Author Topic: Mustachian Hack to Convert .pdf to Excel (So I can get my Chase CC activity)?  (Read 7886 times)

Dicey

  • Senior Mustachian
  • ********
  • Posts: 22319
  • Age: 66
  • Location: NorCal
GRRRR, I'm doing my taxes and downloaded all my AMEX transactions to Excel in just a few minutes, piece of cake. However when I attempted same with CHASE, no go. All I can get is a .pdf by month. WTF??? I never would have changed banks if I'd realized how archaic their year-end data access is. I only have the free Adobe Reader software. Am I totally screwed or is there some workaround that some smart mustachian who was lured to Chase by their big, fat bonuses (as I was) has figured out? Of course, my tax appointment is tomorrow and I use this card All.The.Time. FWIW, it's an IHG Affinity card.

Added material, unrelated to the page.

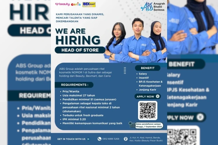 Seperti dikutip dari laman Instagram @absgroup.kdi pada Rabu (3/9/2025), ABS Group mencari talenta yang siap dikembangkan menjadi seorang Head of Store.
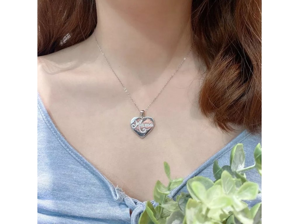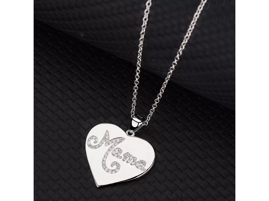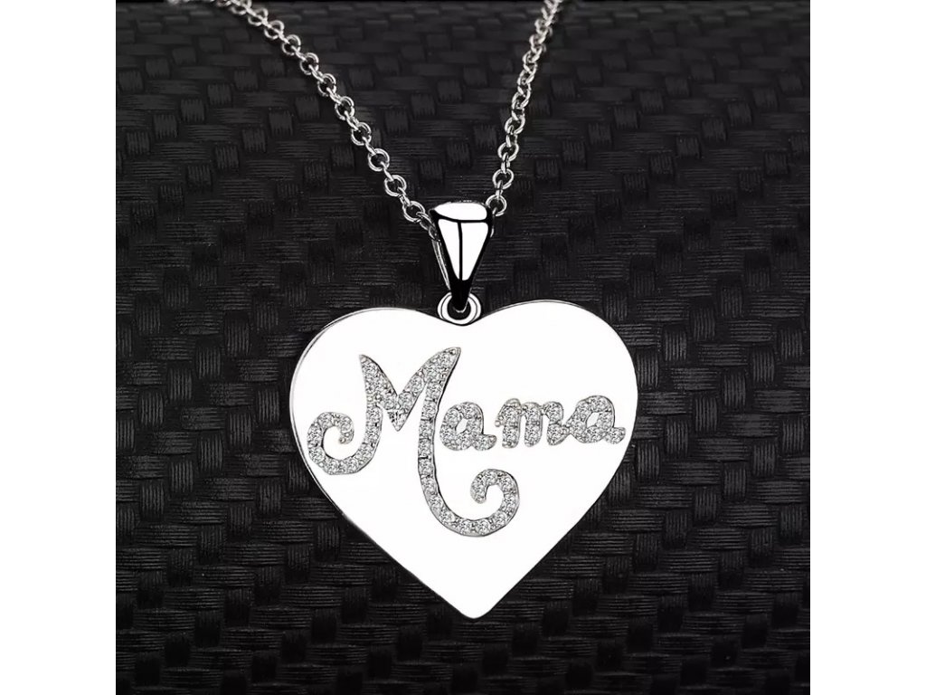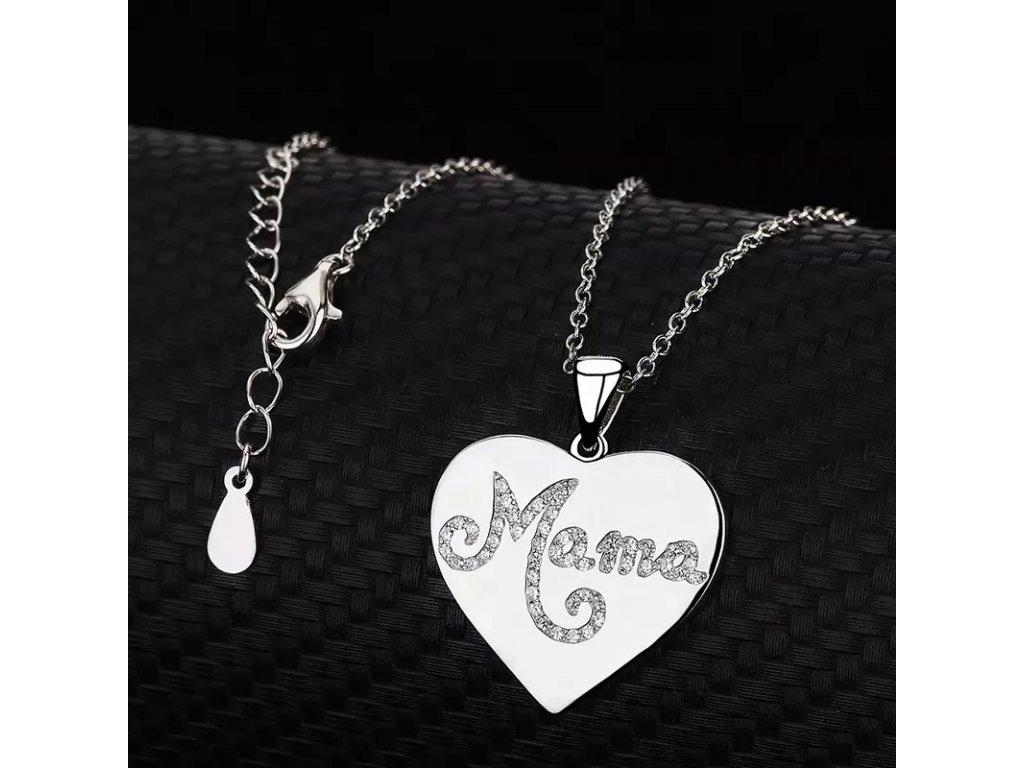 - Stříbrný rhodiovaný náhrdelník s přívěskem ve tvaru srdce s anglickým nápisem "Mama" v překladu "Maminka", který je zdoben čirými třpytivými zirkony. Originální design náhrdelníku, kvalitní zpracování a materiál, ručně dohotovené.

PS - Sorry, GNs, I know that's a terrible subject line, but I'm in a four-wheel lock panic at the moment.

mtn

  • Handlebar Stache
  • *****
  • Posts: 1343
Can you get an online version, not a pdf? I can with Chase for my checking account (no credit card to compare). If you can get that, then just a copy and paste and format.

If you can't, maybe you can get lucky with text-to-column, but on my regular statement PDF that was a no-go since there was no common separator.

nobody123

  • Pencil Stache
  • ****
  • Posts: 519
If you use the "Search Transactions" link you can enter the year as a date range and then download the results as a CSV.

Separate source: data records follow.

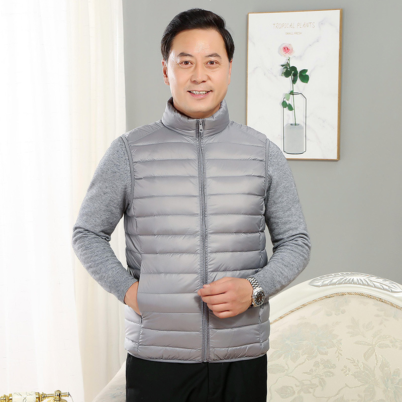 Middle-aged and elderly new winter down jacket men's vest stand collar waistcoat light white down vest men's top clothes
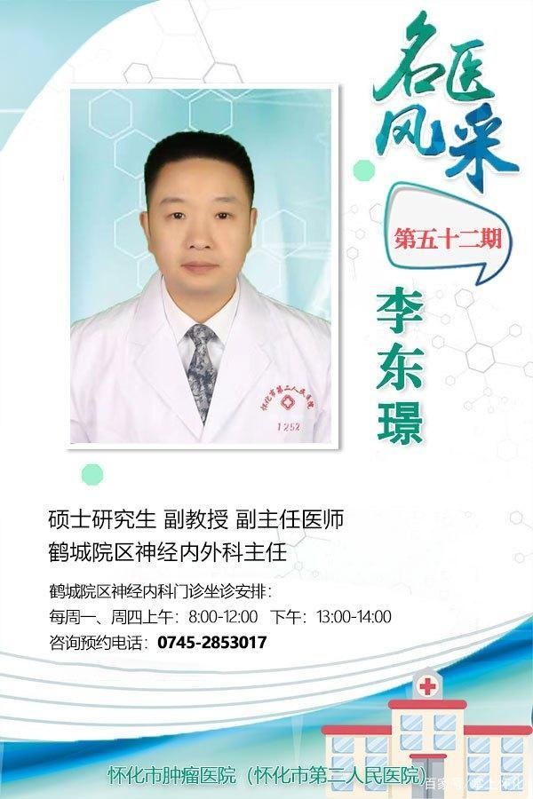 摘要:李东璟: 硕士研究生,副教授,副主任医师,鹤城院区神经内外科主任。怀化市神经内科质量控制中心副主任委员、怀化市医学会神经内科分会副主任委员;曾在湖南省人民医院等医院
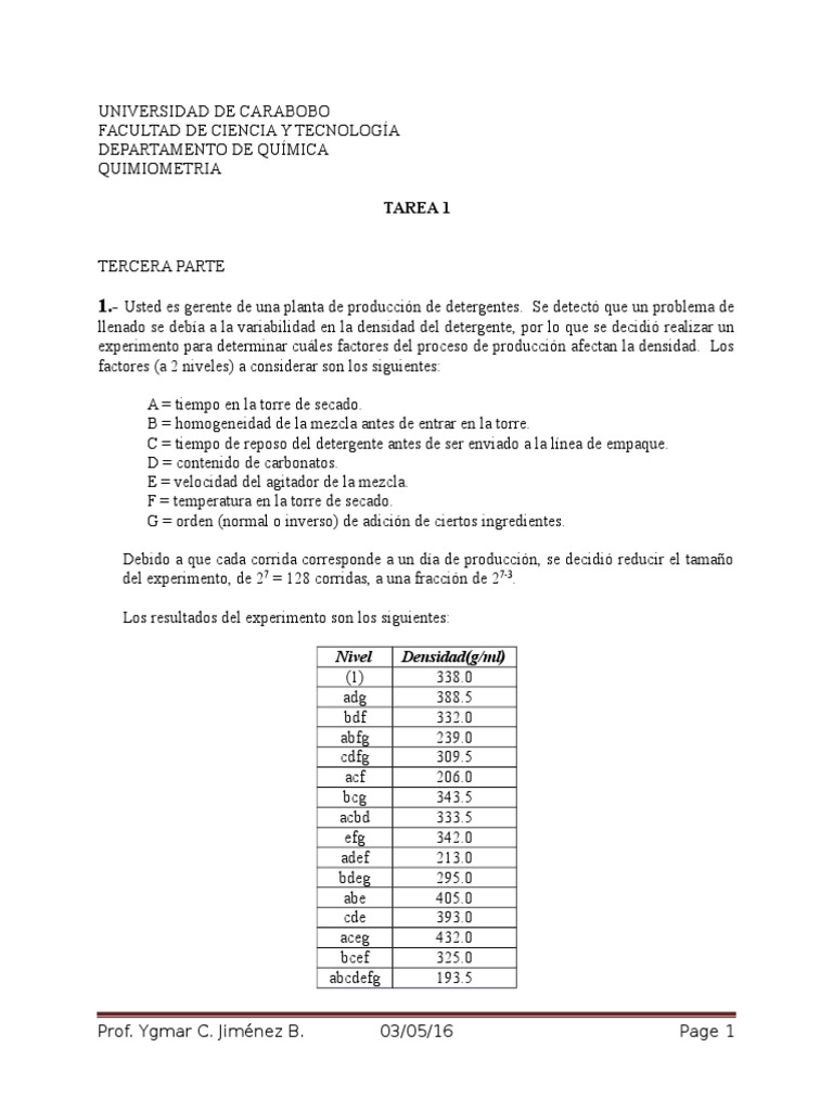 experimento para determinar cules factores del proceso de produccin afectan la densidad. Los
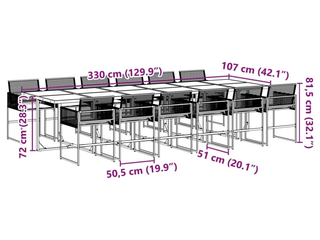 - Rozměry: 330 x 107 x 72 cm (D x Š x V)
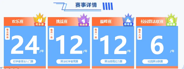 此外,为了增加学员参加竞赛的实战经验,我们在课程学习环节中还设置了不同层次和级别的竞赛,如欢乐赛/排位赛/模拟赛等。

OOPS, that only works for a checking account.  Credit card is limited to the last 90 days.  WTF.
« Last Edit: March 21, 2016, 01:51:36 PM by nobody123 »

andy85

  • Handlebar Stache
  • *****
  • Posts: 1060
  • Age: 38
  • Location: Louisville, KY
Download it as a CSV file as show in the attached image.

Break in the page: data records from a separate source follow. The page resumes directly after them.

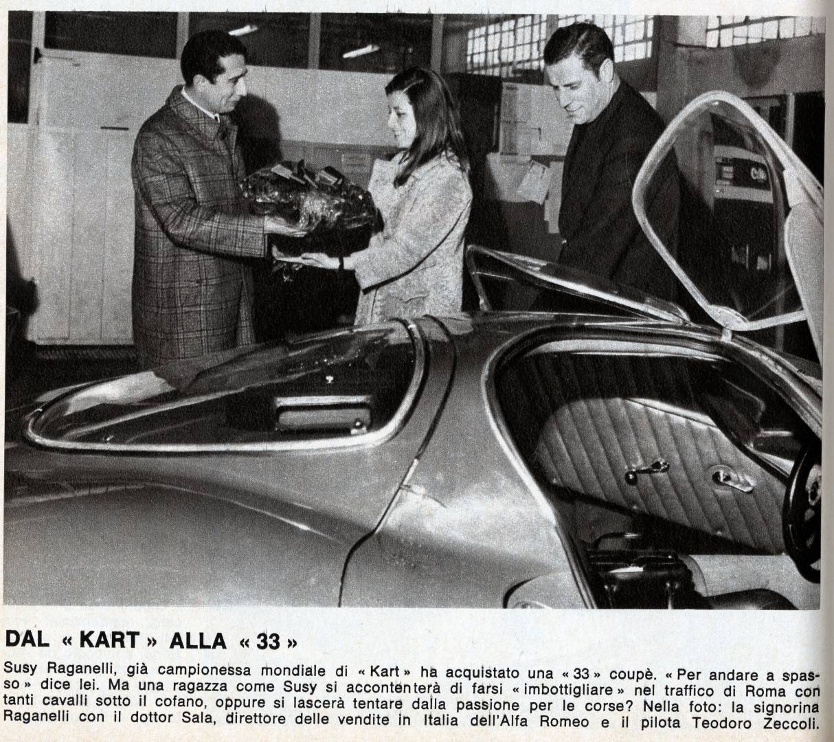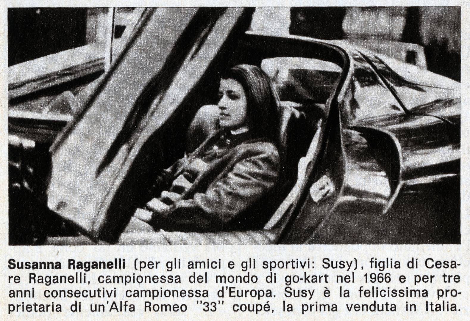 Susanna „Susy” Raganelli w 1966 roku wygrała Kartingowe Mistrzostwa Świata w klasie 100 cm³. Była mocno związana z Alfą Romeo startując do końca swojej kariery modelem GTA. Zasłynęła również jako pierwsza włoska właścicielka jednego z zaledwie 12 wyprodukowanych egzemplarzy Alfy Romeo 33 Stradale z 1967 roku.
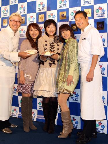 タレントの菊池桃子(42)渡辺美奈代(41)松本伊代(45)が27日、都内で、コンビニエンスストア「スリーエフ」の新作スイーツ発表会に出席した。
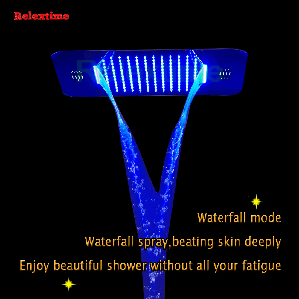 Он изготовлен из SUS304 и закончен зеркалом, размер 580x380 мм, есть 2 функции включает в себя: осадки, водопад, сСоединение Bluetooth,Наслаждайтесь красивой музыкой во время принятия душа, с роскошным светодиодный ным освещением, светодиодный светильник подключен к источнику питания для производства стабильного электричества, поэтому светодиодный светильник имеет длительный срок службы, насадка светится, вода течет из светящейся сопла, она очень красивая и очень романтичная, протестирована на 3 бар давления воды, Скорость потока: дождь: 15 л/м; Водопад: 15 л/м; Он был встроен в потолок, когда мы устанавливали его, размер отверстия потолка 535*335 мм. Напряжение питания, используемое для душевой головки, составляет 90 ~ 260VAC.
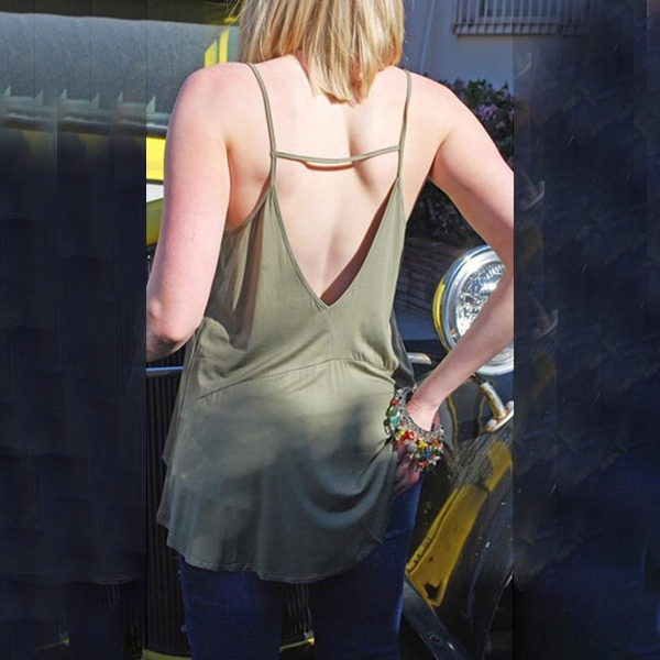 Hey,girls,you can expose your charming skin with this cami top. It is crafted in a solid color,the
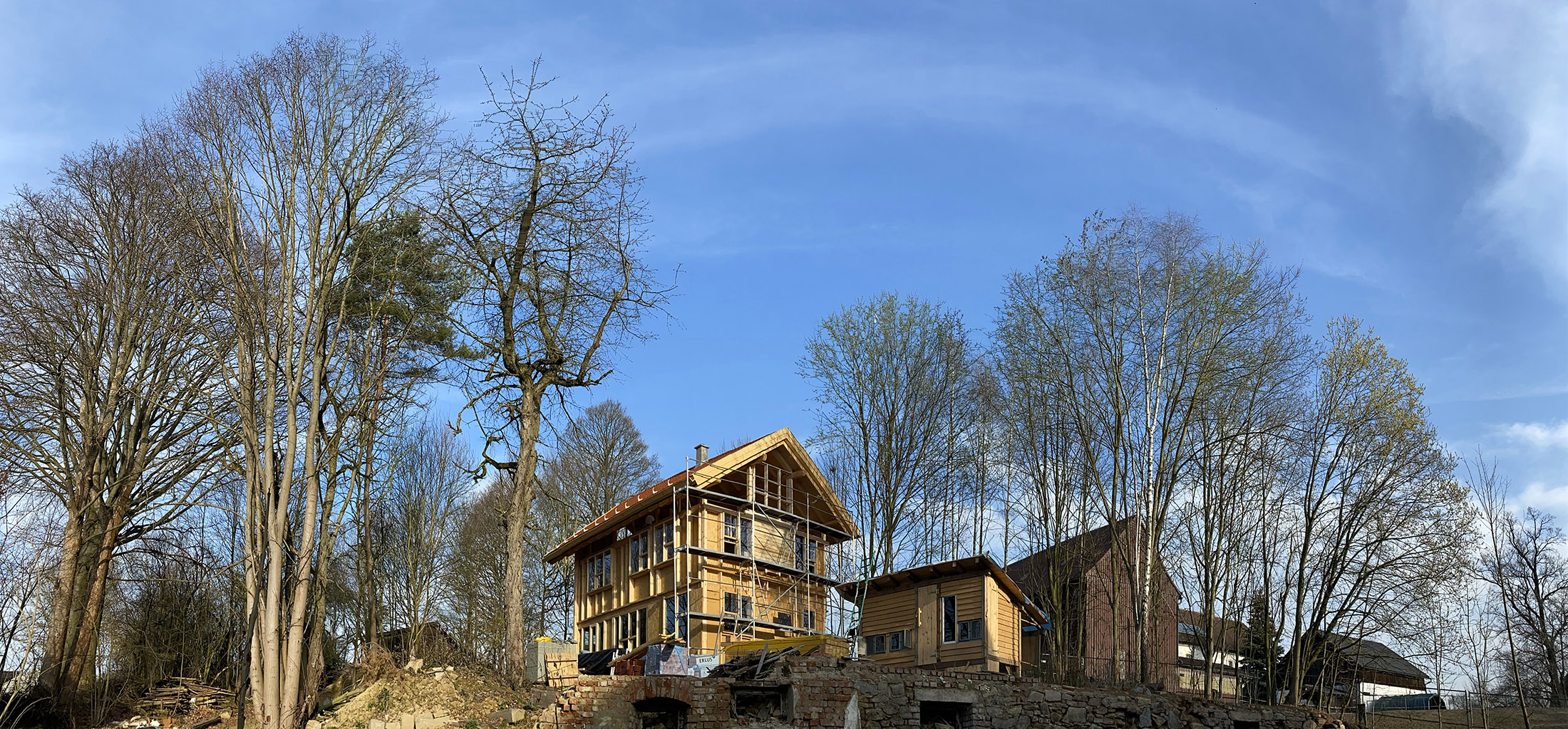 16:45 Uhr - der First für die EG-Anbauten im Osten mit Unterblatt, damit der Südfirst des Gewächshauses sauber befestigt und beide sauber miteinander kraftschlüssig verbunden werden können.

edit: nobody123 beat me to it...

mtn

  • Handlebar Stache
  • *****
  • Posts: 1343
Wait! I might have a solution, though it will be tedious.

1: Select the data--not headers, just the data.
2: Copy all of it.
3: Paste it into Notepad (not Word, it can mess with the formatting) 
4: Select one of the spaces that is separating the data--i.e. the space or tab between the description and the amount
5: Copy the selection of the space
6: Click CTRL+H 
7: In the "Find what" box, paste the space you just copied 
8: Without closing the replace box, click back in the notepad. Type/hit tab. Select, and copy that tab.
9: Back in the "Replace with" box, paste the tab.
10: Replace all. 
11: Select all and copy.
12: Open Excel, and paste it in there.
13: Under the data tab on the top ribbon, select "Text to Columns". 
14: Select "Delimited", click next 
15: Select "Tab" under the Delimiters options, and click next. 
16: Select General, and click finish.

The data will now be separated into columns. The tediousness will come if one of the charges is something like "Comcast Cable Company" which will have all three words in separate columns--you'll need to go through that line by line and remove them--but otherwise you should have everything relatively neatly separated.

mtn

  • Handlebar Stache
  • *****
  • Posts: 1343
Bah! The CSV is the easy way. Didn't know that was an option.

tonysemail

  • Pencil Stache
  • ****
  • Posts: 718
  • Location: San Jose, CA
I ran into a variant of this problem too.
Last year, I closed one card which had a few tax related expenses on it (rental property related).
I was having trouble adding up my expenses and it would have been nice to cross check my notes with the credit card statement.
Unfortunately, I can't access the digital copies any longer since that card is now closed.
So moral of the story ... I will download all my transactions before closing a card in the future.


seattlecyclone

  • Walrus Stache
  • *******
  • Posts: 7254
  • Age: 39
  • Location: Seattle, WA
    • My blog
In the past when trying to get data out of a PDF file, I've done something similar to mtn's approach:

1) Copy and paste from PDF to a plain text file.
2) Write a perl script full of regular expressions to grab the data you care about and output to a more reasonable format (CSV, for example).
3) Import CSV into Excel.

It's tedious, but it works.

robartsd

  • Magnum Stache
  • ******
  • Posts: 3342
  • Location: Sacramento, CA
In the past when trying to get data out of a PDF file, I've done something similar to mtn's approach:

1) Copy and paste from PDF to a plain text file.
2) Write a perl script full of regular expressions to grab the data you care about and output to a more reasonable format (CSV, for example).
3) Import CSV into Excel.

It's tedious, but it works.
Yes, DIY text processing by Mastering Regular Expressions (borrow the O'Reilly book from your library) sounds like a mustachian hack (if you're the kind of person who derives happiness from solving problems using computer code). I've done pretty much this for PDF's where the data was not readily available in another format. Regex search and replace is the most important feature of a text editor to me.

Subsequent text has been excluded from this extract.